Records from a data collection
+-------+

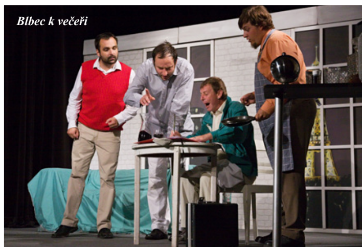
Blbec k večeri
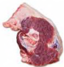
Інші субпродукти 2-ї категорії
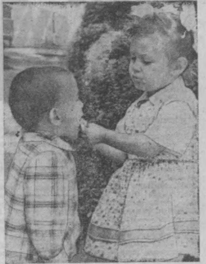
Иккинчизга бир мороженое. Р. Абдураҳмонов фототўюди.

Атлас қўйлак, Чамандагул дўппи, Ортида тўлганар кўша кочили. Қошлари қалдирғоч, Юзлари лўппи О, юракда гулхан ёқилди. Гулхан ёқилди-ю, алағаси Тўла кўчи, Тилим деди: — Синглим! Синглим бўлиб чиқди юрак еса, Кўзим ёқилганар, курга лим — лим! Тошкентдан олди, Денгиз юртида Ўзбек қизин учратдим, рости?! Хайрат етказди, Юрдим ортидан, Ахир, томошага келганлар ози?! Тўхтади, Танимди. Чиндан ўзбек қиз! ..Томошага келмаган экан. Ўзбекча кийими, юзи... сўзи... Аймо у латишга теккан! Уйга таклиф қилди, Бордим уйга Кўён кутиб олди илчи. Кўён, қиз муносиб бўйи-бўйига! Чехраси нурафшон, Сочлари таралган силдиқ Утирдик. Дастурхон... Ичдик, Едик. Келин ҳам ёзма-ён ўтирди бира, Иккисин ҳам олим экан етуг! Мақсаддош, маслақдош бутун умрга! Бахт тўла, кетинга отландим, Кўёвни Тошкентга чақирдим ёда. Қиз, Турар жойимни ёллади, Мен эса қолдирдим унн қоғода. Йўлдан чиқаркан, Менга деди кўё: — Қалай ўзбек қиз! — Рига келини? Мен учун Иккиси ҳам энди биров, Қарши савол бердим: — Эсларим элини?! Кўёв бош силқиди, Соқни жилмайди: — Бир қадам Тошкенту Рига ораси. Ҳафтада кўрмасе ором билмайди, Самолёт соғинчнинг чораси! Севиндим, Кўёвим ўзбек эди худди, Ўзбек дўшсини бошга кийгадим... Шундан бўён ойлари... Яна ойлари ўтди. Неҳалаб учрашдик, Хатлар... Хатлар ёздим. Олам кичраймоқда кўзим ўнгиди. Курра хонадондек, қулақ қўлимда. Дўстлик янграб Дўстлик бўлса, қолди сўзим сўнгиди; Кўзим дўстлар йўлида.
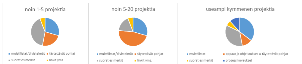
Kuva 4. Vastauksista saadut piirakkadiagrammit työkalun osalta.

Isoimpia eroja projektitoimijoiden kokemukseen nähden nousi juuri työkalua koskien. Uudempien projektitoimijoiden keskuudessa nousi hieman enemmän tarvetta valmiille esimerkeille, kun taas kokeneimpien projektitoimijoiden keskuudessa nousi täytettävät pohjat ja muistilistat, joiden avulla voi vain tsekata nopeasti muistaako oikeita asioita. Kuitenkin taustalla on sama tarve, eli halu suunnitella ja keskittyä juurruttamiseen samantyyppisillä kuin esimerkiksi viestintään.
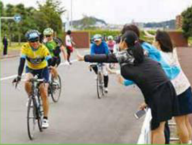
ゴール地点で完走者をハイタッチで迎える応援者
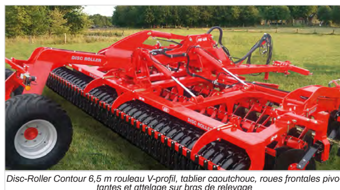
Disc-Roller Contour 6,5 m rouleau V-profil, tablier caoutchouc, roues frontales pivotantes et attelage sur bras de relevage
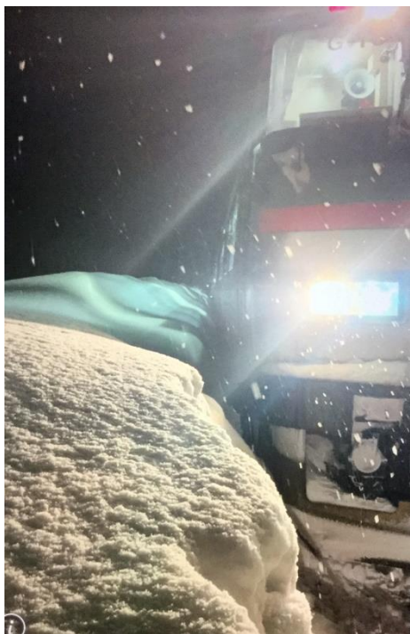
・当該列車(最後部)側雪の状況
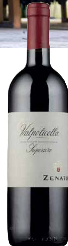
Ein Klassiker Norditaliens: der Valpolicella des Weinguts Zenato.

● 2018 NERÈ NERO D'AVOLA FEUDO MACCARI, NOTO (I) Duftig, nach roten Rosen, Himbeeren, Waldbeeren, leicht nach Hagebutten, einladend. Am Gaumen ausgewogen und harmonisch, spannt sich mit klarem, saftigem Kleid auf, fruchtiger Kern, leicht salziges Finish. feudomaccari.it , € 8,50 >
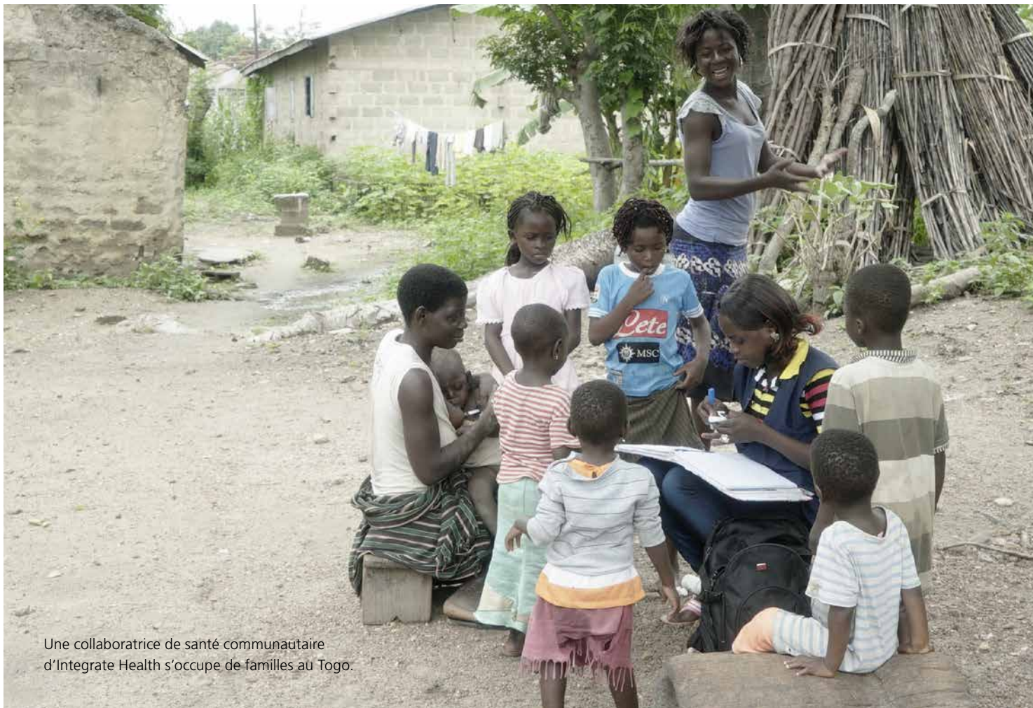
Une collaboratrice de santé communautaire d'Integrate Health s'occupe de familles au Togo.

+-------+

### What you should do
In the entries above, find the line with "Isoimpia eroja projektitoimijoiden" and the line with "Ein Klassiker Norditaliens: der". Write out exactly those two lines and every line between them, pictures excluded.

### Solution
Isoimpia eroja projektitoimijoiden kokemukseen nähden nousi juuri työkalua koskien. Uudempien projektitoimijoiden keskuudessa nousi hieman enemmän tarvetta valmiille esimerkeille, kun taas kokeneimpien projektitoimijoiden keskuudessa nousi täytettävät pohjat ja muistilistat, joiden avulla voi vain tsekata nopeasti muistaako oikeita asioita. Kuitenkin taustalla on sama tarve, eli halu suunnitella ja keskittyä juurruttamiseen samantyyppisillä kuin esimerkiksi viestintään.
ゴール地点で完走者をハイタッチで迎える応援者
Disc-Roller Contour 6,5 m rouleau V-profil, tablier caoutchouc, roues frontales pivotantes et attelage sur bras de relevage
・当該列車(最後部)側雪の状況
Ein Klassiker Norditaliens: der Valpolicella des Weinguts Zenato.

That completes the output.